Optionally, the compressed data sources under each path of data in each training data are obtained by performing compression processing on the initial data sources under each path of data in each training data through an initial compression model, that is, the electronic device may call the initial compression model to perform compression processing on the initial data sources under each path of data in each training data. Alternatively, a compression model may be a CNN (Convolutional Neural Network ) semantic compression model (also referred to as a semantic compression module), or may be a mean pooling (average) module, which is not limited in the embodiment of the present invention.
In the embodiment of the invention, when the compression model is a CNN semantic compression model, the electronic equipment can optimize model parameters in the initial compression model based on model loss values under each path of data to obtain an intermediate compression model; determining a target compression model based on the intermediate compression model; specifically, the model parameters in the intermediate compression model may be continuously optimized until a compression convergence condition is reached, e.g., the number of iterations (i.e., the number of optimizations) reaches a first preset number of iterations, or the compression loss value is less than a first preset loss threshold, the compression convergence condition may be determined to be reached, and so on. Alternatively, the first preset iteration number and the first preset loss threshold may be set empirically, or may be set according to actual requirements, which is not limited in the embodiment of the present invention.
The compression loss value may be determined based on the model loss value under each path of data, that is, the electronic device may determine the compression loss value based on the model loss value under each path of data; based on this, the model parameters in the initial compression model can be optimized in a direction to reduce the compression loss value.
In one embodiment, when determining the compression loss value based on the model loss value under each path of data, the electronic device may perform weighted summation on the model loss value under each path of data to obtain a weighted summation loss value, and use the weighted summation loss value as the compression loss value; optionally, the weight value of the model loss value under each path of data in the weighted summation process may be set empirically, or may be set according to actual requirements, which is not limited in the embodiment of the present invention.
In another embodiment, the electronic device may select a maximum model loss value from the model loss values under each path of data, and use the selected model loss value as the compression loss value, and so on.
S303, masking the compressed data sources under each path of data in each training data respectively to obtain the mask data sources under each path of data in each training data, calling initial language models corresponding to each path of data respectively, and encoding the mask data sources under the corresponding paths of data in each training data to obtain the encoded data sources under each path of data in each training data.

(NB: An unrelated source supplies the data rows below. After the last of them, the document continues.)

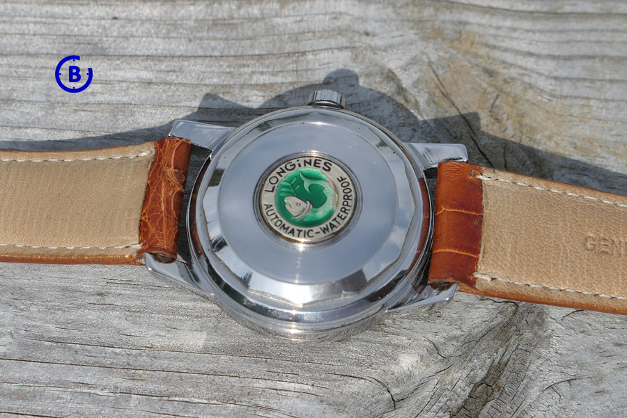 Inside is the Calibre AS 19, protected by a screw down case back decorated with a golden Longines medallion. Some of the green enamel still present.
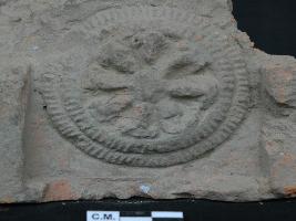 | Description / विवरण | Fragmented plaque with floral motif inside a circle. |
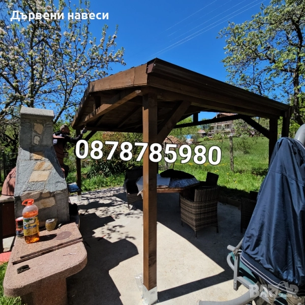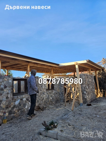 Изграждане на дървени навеси, беседки, барбекюта и гаражи, като целият дървен материал се шлайфа и импенгрира. Гаранция, договор направа на всякакви навеси от дърво, навеси на тераси, гаражни навеси за автомобили, навеси за летни кухни, барбекю и зимни градини от дърво изграждане на всякакъв вид луксозни дървени покривни конструкции изработване на дървени беседки за двора повдигане на тавански стаи ремонт на покриви цялостно конструиране на нови покриви затваряне, покриване, приобщаване и усвояване на тераси и балкони дървени козирки изработка на дървени перголи полагане на хидроизолации по покриви и покривни пространства цялостни ремонти и реновиране на всякакви стари дървени конструкции и фасади комплексно изграждане на дървени бунгала, сервизни помещения (бараки), малки градински постройки от дърво или дървени работилници различни решения за градини и тераси на заведения също от дърво, дървени декорации, дървении, сепарета, облицовки, решетки и др. проектиране и цялостно изграждане на открити външни барове и летни заведения от дървен материал.
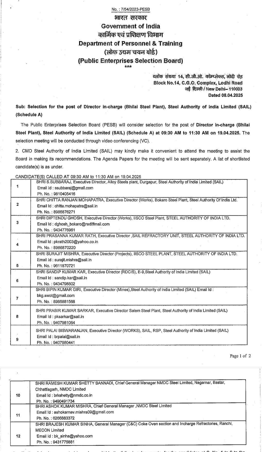 साक्षात्कार के बाद बोकारो स्टील प्लांट में वर्तमान में अधिशासी निदेशक (वर्क्स) के पद पर कार्यरत चितरंजन महापात्र को भिलाई स्टील प्लांट का निदेशक प्रभारी नियुक्त करने की सिफारिश की गई है। वहीं, इस्को स्टील प्लांट, बर्नपुर में अधिशासी निदेशक (प्रोजेक्ट्स) पद पर कार्यरत सुरजीत मिश्रा दुर्गापुर स्टील प्लांट का निदेशक प्रभारी बनाए जाने की सिफारिश की गई है।
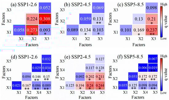 The q values of interaction between factors. Note: * and ** represent the interaction types of bi-variable enhanced and nonlinear-enhanced, respectively. (a–c) TCBMF; (d–f) SEBF. X1: precipitation; X2: temperature; X3: L. gmelinii; X4: S. superba; X5: C. officinarum.
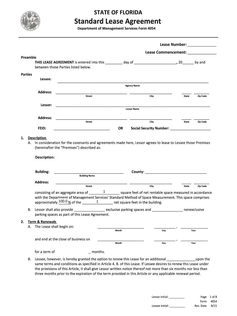 STATE OF FLORIDAStandard Lease Agreement Department of Management Services Form 4054Lease Number: Lease Commencement: Preamble THIS LEASE AGREEMENT is entered into this day of, 20 by and between those
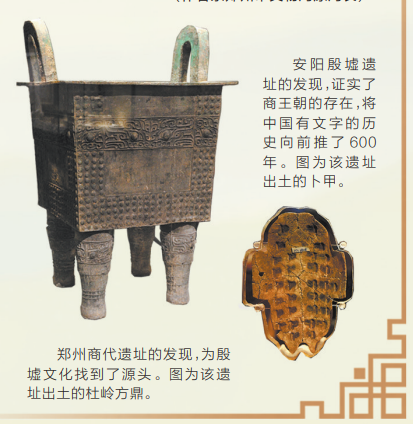 新郑李家楼郑公大墓及其郑韩故城的考古发掘,让人们第一次通过实物看到了《春秋》中描述的东周时代的恢弘社会。荥阳娘娘寨两周城池的发现,让人们第一次看到了西周时代的社会形象。安阳殷墟遗址的发现,让人们第一次看到了商王朝的真实存在。郑州商城遗址的发现,让人们第一次领略了殷墟文明的源头和滥觞。偃师二里头遗址的发现,让人们第一次看到夏王朝不是传说。登封王城岗遗址的发现,让人们第一次遥望了早期夏王朝的曙光。巩义双槐树遗址的发现,让人们第一次感受中华文明诞生前夜的涅槃璀璨。渑池仰韶村遗址的发现,让人们第一次惊叹中华民族开始迈向文明的精彩气象。新郑裴李岗遗址的发现,让人们第一次认识到中国史前文明史比仰韶文化还要早两千年。新密李家沟遗址的发现,让人们第一次读到了中原地区由旧石器时代迈向新石器时代的豪迈篇章。郑州老奶奶庙遗址的发现,让人们第一次认识到东亚现代人的独立源起。灵井“许昌人”遗址的发现,为人们再现了中国古人类向现代人进化步履的铿锵。

Specifically, for any training data in the training data set and any data in the M paths of data, the electronic device can determine a mask probability, and determine at least one mask unit from a compressed data source under any data in any training data according to the mask probability, wherein one mask unit corresponds to one compressed semantic representation; based on the above, the compressed semantic representations of the determined mask units can be masked respectively to obtain a mask data source under any path of data in any training data, wherein the mask data source under any path of data in any training data comprises the mask semantic representations of the determined mask units, and correspondingly, the mask data under any path of data in any training data can also comprise the compressed semantic representations of each semantic unit except for the determined mask units under any path of data in any training data.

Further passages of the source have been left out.